I am not sure VMW and/or BladeLogic performance can be generalized to tech IPOs. I wonder how much of this has to do with finding an alternate alpha bump given the market woes of late. The true test will be how fast initial investors flip to realize gains.
Vmware will NOT settle far below the price from yesterday. Less than 5% of all x86 servers are running in a virtual environment. That leaves 95% of the servers as candidates for Vmware. Also, you all fail to realize that they have a product called Virtual Workstation. HPQ is spending MILLIONS creating their own virtual desktop initiative, spearheaded with this product. This company WILL double its revenues for next fiscal year and if workstation takes off.......it might even be bigger than their VI3 product. For someone that sells this stuff daily, I can tell you that corporate America is clamoring for this technology and people are spending BOATLOADS on it, including the Federal Gov. 100% of Fortune 500 companies use Vmware. In one year I can tell you that 100% of Fortune 1000 companies will be using it.
the value proposion that pops up most is that x86 servers have an average cpu utilization of 8%-12%, this is generally accepted by most consulting firms. The less than stellar utilization is a prime candidate for server virtualization. The cost savings to a corporation is tremendous. Less Hardware, less maintenance costs and less human resources to manage it.

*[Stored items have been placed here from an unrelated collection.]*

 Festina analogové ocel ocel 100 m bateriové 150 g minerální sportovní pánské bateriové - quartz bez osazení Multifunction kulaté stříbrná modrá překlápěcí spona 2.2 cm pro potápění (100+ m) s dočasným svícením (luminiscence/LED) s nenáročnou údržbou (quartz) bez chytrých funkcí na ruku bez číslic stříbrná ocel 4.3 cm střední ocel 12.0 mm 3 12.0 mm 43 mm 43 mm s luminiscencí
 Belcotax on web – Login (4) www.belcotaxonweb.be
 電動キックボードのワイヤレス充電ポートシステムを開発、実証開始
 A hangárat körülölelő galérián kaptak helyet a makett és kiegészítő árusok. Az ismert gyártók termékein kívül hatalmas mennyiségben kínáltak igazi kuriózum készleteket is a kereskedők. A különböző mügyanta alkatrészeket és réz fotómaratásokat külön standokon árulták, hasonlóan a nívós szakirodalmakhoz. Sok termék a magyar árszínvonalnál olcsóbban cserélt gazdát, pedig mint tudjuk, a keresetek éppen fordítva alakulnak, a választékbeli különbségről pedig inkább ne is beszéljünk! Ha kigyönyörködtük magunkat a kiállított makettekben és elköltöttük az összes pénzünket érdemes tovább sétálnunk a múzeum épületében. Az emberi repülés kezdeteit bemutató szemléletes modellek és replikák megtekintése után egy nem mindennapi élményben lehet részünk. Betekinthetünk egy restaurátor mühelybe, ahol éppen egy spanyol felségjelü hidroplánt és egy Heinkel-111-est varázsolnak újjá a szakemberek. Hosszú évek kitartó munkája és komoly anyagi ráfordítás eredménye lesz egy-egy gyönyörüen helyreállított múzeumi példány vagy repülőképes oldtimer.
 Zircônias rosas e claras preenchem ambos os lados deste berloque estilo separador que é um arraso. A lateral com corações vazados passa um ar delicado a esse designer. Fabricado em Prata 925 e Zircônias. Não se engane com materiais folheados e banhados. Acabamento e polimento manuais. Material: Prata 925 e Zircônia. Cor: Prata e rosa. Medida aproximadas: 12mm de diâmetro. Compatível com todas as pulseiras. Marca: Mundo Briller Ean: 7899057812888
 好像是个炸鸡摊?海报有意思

Do not confuse this technology with storage virutalization, its completely different and storage virtualization has had a luke warm reception while server virtualization is white hot, specifically in UNIX environments (IBM and SUNW provide for logical partitions). VMW is a dominant player in the x86 market. DELL, HPQ and IBM have invested MILLIONS of dollars creating Vmware consulting practices. Sunw has jumped on the bandwagon. INTEL and CISCO both invested heavily....why? because they SEE THE PICTURE. Many of you do not. Go to vmware's website and read up on the company. Then go check on their competitors, none of which stand a chance, except maybe Microsoft who is at least two years away from having the funcationality of Vmware. My clients prefer to PAY FOR VMWARE than take MSFT's current product for free.
The way to play VMW is to buy EMC. It is unbelievable that EMC has not traded higher with the success of this IPO. At $52 per share, VMW represents 7.90 per EMC share. You are buying EMC for $10.50 per share without VMW. That is where EMC was before it bought VMW 4 years ago, and EMC had @$6.2b in sales. Today they have $12b, with no move up in four years??

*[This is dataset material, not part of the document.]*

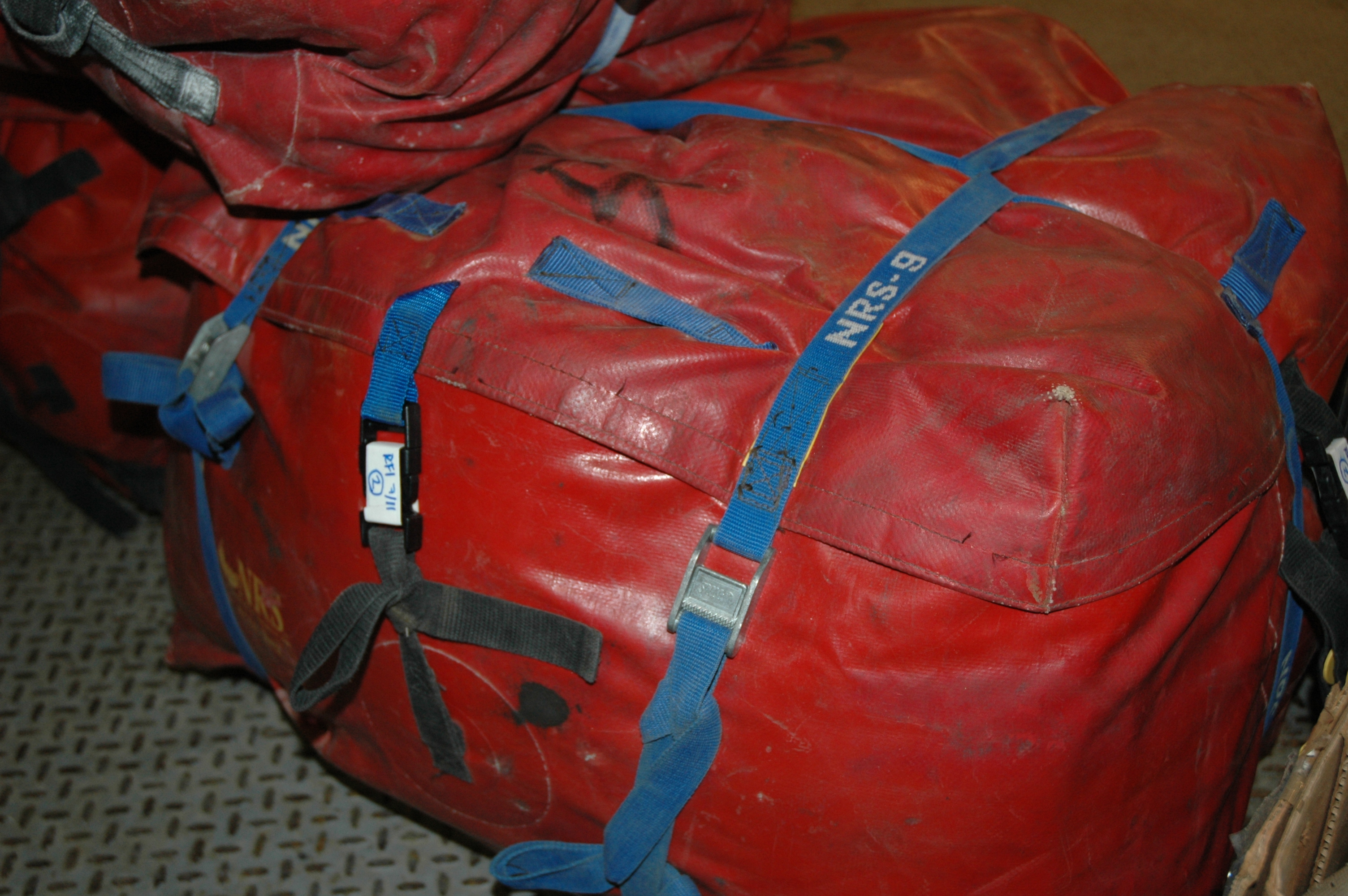 The team carries three survival bags, each weighing about 70 pounds. McMurdo Station, Antarctica.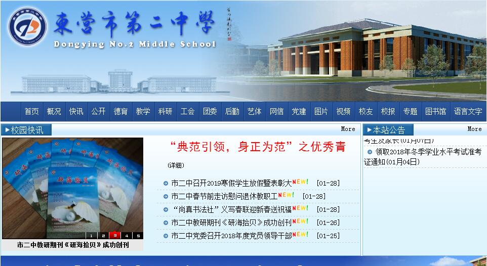 東營市第二中學(xué)是東營市人民政府2000年3月批準成立的一所市直普通高級中學(xué)。學(xué)校先后榮獲全國青少年校園足球特色學(xué)校、山東省依法治校先進學(xué)校、山東省英語特色教育重點實驗學(xué)校、山東省青少年科技輔導(dǎo)員協(xié)會單位會員、山東省校園足球訓(xùn)練營、東營市規(guī)范化學(xué)校、東營市教學(xué)示范學(xué)校、全市教育系統(tǒng)先進集體、東營市五一勞動獎狀、全國生命教育科研先進單位、東營市地震科普示范學(xué)校、市直事業(yè)單位績效考核A級單位等30余項榮譽和稱號。2016年8月25日學(xué)校遷入新址(東營區(qū)海河路589號)辦學(xué)。新校坐落于東營市“生態(tài)新城”規(guī)劃區(qū)內(nèi),位于東三路以西、海河路以北、水城路以南。新校以“生態(tài)學(xué)府、水綠書院”為設(shè)計理念,采用“現(xiàn)代簡約手法與歐式古典符號相結(jié)合、優(yōu)美綠化景觀與多樣空間形態(tài)相結(jié)合”的建筑風(fēng)格,形成了外觀古樸、空間活躍、綠色生態(tài)、文化濃厚校園環(huán)境。以“一軸一院兩組團”為總體構(gòu)思,以主入口、立實廣場、圖書綜合樓、成搏廣場、禮堂、風(fēng)雨操場為校園中軸線,以圖書綜合樓為核心,構(gòu)筑了教學(xué)區(qū)組團,以教師公寓為核心,構(gòu)筑了生活區(qū)組團,中軸線上的禮堂、風(fēng)雨操場與西側(cè)食堂圍合成了一個景觀活動院落;教學(xué)區(qū)組團與生活區(qū)組團通過中部的景觀活動院落聯(lián)系起來,“一軸一院兩組團”式的結(jié)構(gòu)骨架,完整地組織起校園教學(xué)、文體和生活三大功能區(qū)核心。突出“以人為本”的規(guī)劃原則,建立起科學(xué)完整的“人車分流”交通組織系統(tǒng),車行交通沿立實廣場和專業(yè)建筑群外圍形成環(huán)路,在校園中部設(shè)東西道路與環(huán)路相連成為一個整體;人行交通按照可達性、安全性要求,沿各功能區(qū)內(nèi)部連廊及貫通校園生活休閑區(qū)與教學(xué)區(qū)之間二層空中連廊,構(gòu)筑出便捷暢通的、融入綠地環(huán)境中的步道流線體系,形成最為人性化的空間和獨特的校園景觀。新校占地356畝,規(guī)劃辦學(xué)規(guī)模為100個教學(xué)班,5000名在校生,總建筑面積17.8萬平方米,其中地上建筑面積16.5萬平方米,地下建筑面積1.3萬平方米;設(shè)計圖書綜合樓(含人防工程及地下停車場)1棟、教學(xué)樓3棟、實驗樓2棟、藝術(shù)科技樓1棟、禮堂1棟、風(fēng)雨操場1棟、食堂1棟、學(xué)生公寓6棟、教師公寓1棟,體育運動場2個。已投入使用的一期工程建筑面積為12.5萬平方米;二期工程(5.3萬平方米)于2017年開工建設(shè)。學(xué)?,F(xiàn)有60個教學(xué)班,2900名在校生,260名教職工,其中專任教師213人(中學(xué)高級教師48人、中學(xué)中級教師79人),學(xué)歷達標率100%。市級及以上優(yōu)質(zhì)課和精品課一等獎40人,市級及以上教學(xué)能手45人;全國優(yōu)秀教師1人。43名教師入圍東營市梯級教師培養(yǎng)隊伍,市級名師工作室2個。學(xué)校堅持“能行教育立本、多元發(fā)展育人”的辦學(xué)思想。堅持育人為本、德育為先,堅持“以教師為主導(dǎo)、以學(xué)生為主體、以教學(xué)為中心、以質(zhì)量為生命”的辦學(xué)策略,努力實現(xiàn)“學(xué)校規(guī)范加特色、學(xué)生合格加特長”的辦學(xué)目標,不斷加強教師業(yè)務(wù)學(xué)習(xí)和專業(yè)培訓(xùn)工作,拓新教育理念,更新業(yè)務(wù)知識,提高教學(xué)素養(yǎng),把市二中建設(shè)成為讓每個學(xué)生都進步,每個學(xué)生家長都放心,每個教師都幸福樂教的東營市窗口學(xué)校。學(xué)校積極踐行“個性教育、多元發(fā)展”的教學(xué)理念。在教師中倡樹“能行教育”觀、科學(xué)的教學(xué)觀和正確的學(xué)生觀,因材施教,分層指導(dǎo),分類培養(yǎng);堅持新課程理念,從學(xué)情實際出發(fā),積極推行“問題引領(lǐng)、學(xué)案導(dǎo)學(xué)”課堂教學(xué)模式和“小組合作”學(xué)習(xí)模式;開發(fā)建設(shè)校本課程,廣開辦學(xué)門路,整合校內(nèi)外資源,多元合作,努力辦好適合每一名學(xué)生發(fā)展的教育。學(xué)校堅持“育人為本、成人成才”的德育理念。學(xué)校建立了全面育人導(dǎo)師制,“教師人人做導(dǎo)師、學(xué)生人人有導(dǎo)師”;建立了“班級教導(dǎo)會”制度,發(fā)揮班級教學(xué)團隊作用和家校教育資源,形成了以班主任為核心、任課教師參與、家委會代表參加的“班級教導(dǎo)會”,定期研討解決班級和學(xué)生中存在的問題;建立了校級、年級、班級三級家長委員會工作制度,健全章程和活動制度,家長委員會全面參與學(xué)校的辦學(xué)與管理工作;建立了教書育人“一崗雙責(zé)”考核制度。學(xué)校自2012年9月起實施“二次創(chuàng)業(yè)”十年戰(zhàn)略。重視加強內(nèi)部管理,實現(xiàn)內(nèi)涵質(zhì)量發(fā)展,確立了“創(chuàng)規(guī)范、求改革、謀發(fā)展”的工作思路,注重“抓制度規(guī)范、抓過程管理、抓細節(jié)監(jiān)督、抓工作落實”,牢固樹立“為教學(xué)、為教師、為學(xué)生服務(wù)”的思想,全面實施“教書育人、管理育人、服務(wù)育人、實踐育人、環(huán)境育人”工程;統(tǒng)籌兼顧德

It is only a matter of time before EMC is a takeover target if they don't trade more in line to reflect the VMW value. Remember, EMC still owns 87% of VMW and they now have over $6b in cash. Back up the truck on EMC.
Please look here before investing to know the whole story:
http://linux.slashdot.org/linux/07/08/14/1618241.shtml
"Nailer writes, Bloomberg believe VMware's IPO today may the largest technology offering since Google. But doubts have been cast over the company's supposedly proprietary ESX product, as top 10 Linux contributor Christopher Hellwig claims the software may violate Linux kernel copyrights. 'Is Hellwig right, and is VMware a derived product of Linux? Unless vmkernel can be loaded without the Linux kernel, it would appear so. VMware was developed from another, long ago OS created as a research project, but it's unclear whether vmkernel was ported from that OS or rewritten as the Linux-requiring binary blob. What's more of an issue is that VMware had these serious questions posed directly to them a year ago, repeated in a public forum many times since, but have yet to respond at all.'"









Paul
Not sure you can draw enterprise software is back from VMWare IPO. The "traditional" enterprise software model is still broken - multi year upfront license fees is still unacceptable to most IT organizations. But the try as you go and show me value each time model is here. VMWare exemplifies (sp?) that model.